2. Case Presentation
2.1. Case 1
A 32-year-old female patient presented with motor, sensory, and brainstem symptoms. Her MRI revealed enhancing and non-enhancing lesions in her brain and spinal cord and she was subsequently diagnosed with MS. She was previously healthy with no history of autoimmunity. She experienced clinical relapses and accumulation of new lesions under three different disease modifying therapies (DMTs), prompting escalation to Alemtuzumab. She received two courses of the treatment, the second (36 mg in total) in January 2018. Between the two courses the disease remained stable and the patient did not experience any adverse events.
Six months after the second course, she was diagnosed with Hashimoto’s thyroiditis and appropriate replacement therapy was commenced. In January 2019, the patient experienced patchy hair loss over her scalp which rapidly progressed over a month to involve the whole body, leading to a diagnosis of AU. The patient was treated with topical Minoxidil and Retinoic acid but, as of March 2021, no hair regrowth has been observed (Figure 1).

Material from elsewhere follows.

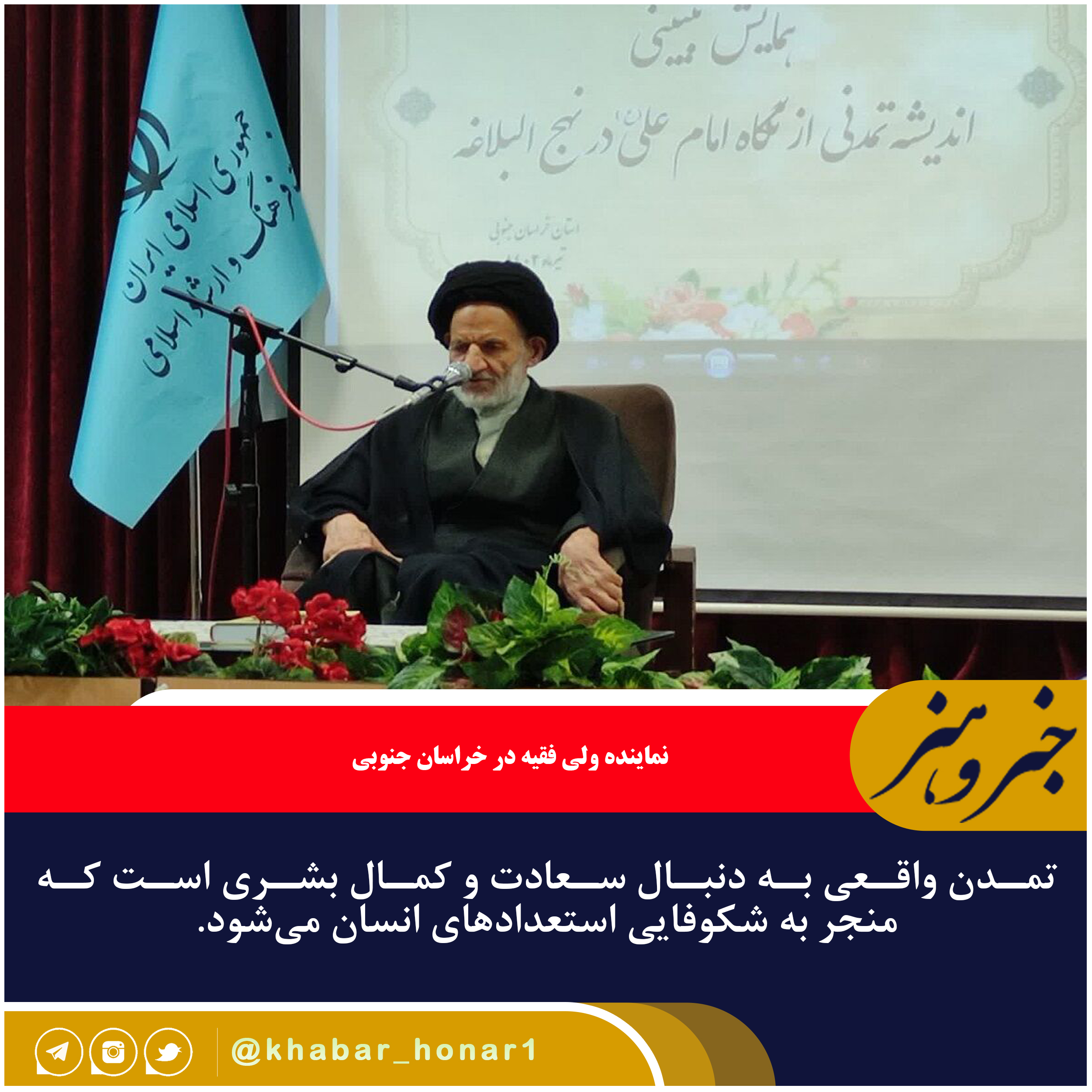 نماینده ولی فقیه در خراسان جنوبی و امام جمعه بیرجند گفت: تمدن واقعی به دنبال سعادت و کمال بشری است که منجر به شکوفایی استعدادهای انسان میشود.

Notably, a decrease in VD concentration was noted prior to the onset of the AU (from 69 ng/mL in November 2018 to 8 ng/mL in January 2019), despite the patient already being on weekly supplementation. After increasing intake up to 5000 IU/day, serum VD levels normalized. The most recent 3T MRI scan in December 2020 showed stable lesion load and no enhancements.
2.2. Case 2
A 36-year-old female with an unremarkable past medical history was diagnosed with MS in 2015 after a right optic neuritis and a spinal relapse. She experienced gastrointestinal side effects with Beta-interferon 1 treatment, and was switched to Alemtuzumab. Two courses of Alemtuzumab were administered in October 2016 and 2017. Her MS remained inactive. Of note, TSH levels were slightly raised (5.98 mIU/L; reference: 0.27–4.20) on several occasions after treatment onset but returned to normal without replacement therapy. The patient had begun VD supplementation soon after the diagnosis, but never followed a precise scheme and her levels were never tested.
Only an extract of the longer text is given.